In fact, 3G networks were originally designed for voice, not data. The carriers retrofitted them with IP technology to make them convey data, but you can retrofit only so much until returns (in speed and capacity) begin to diminish. New LTE networks are constructed from top to bottom with IP as their main language, so they are far faster, more economical, and more flexible than the clunky old 3G networks. But 4G is very expensive to build from the ground up, as investors in the Big Four wireless carriers can attest.
The advent of the iPhone and then Android phones--plus their insatiable hunger for bandwidth--caught the carriers by surprise. Since then, the carriers have embraced the high-margin business of moving mobile data, and have invested billions in upgrading old networks and building new ones.
Somewhat ironically, it is the carrier that was originally (and very publicly) stung by the mobile-data crunch that now leads the race for faster data speeds.
AT&T is still the fastest
About 30 percent of AT&T's smartphone customers now use an LTE device, the company says. AT&T tells its customers to expect the same upload and download speeds from its LTE network as Verizon does, about 5 to 12 megabits per second for downloads and 2 to 5 mbps for uploads. AT&T delivers a bit more, pushing the high end of the download range and exceeding the upload range.

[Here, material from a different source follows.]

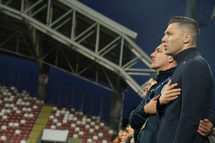 Descriere: Costin Curelea si staful tehnic la intonarea imnului national inaintea meciului amical de fotbal dintre Romania U21 si Serbia U21, desfasurat pe Stadionul Francisc Neuman din Arad, vineri 10 octombrie 2025. © FOTO:Alexandra Fechete/SPORT PICTURES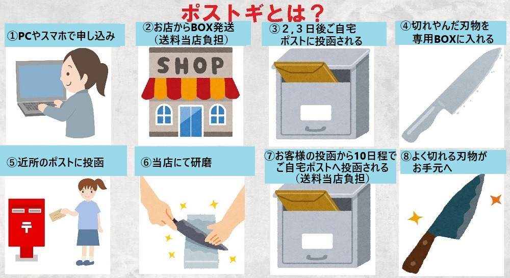 ポストに投函するだけで、10日前後でキレイで良く切れる刃物がお手元に届けられます。

In our tests, AT&T's network averaged download speeds of 13.15 mbps, and 6.45 mbps for uploads. We saw average download speeds of above 15 mbps in six cities: Boston, Denver, Las Vegas, San Diego, San Jose, and Seattle. The average speeds in two of those cities, Denver and San Jose, surpassed 21 mbps, marking the only 20-plus-mbps showings of any service in our study. AT&T LTE clocked average download speeds of greater than 10 mbps in 16 of the 20 cities we tested.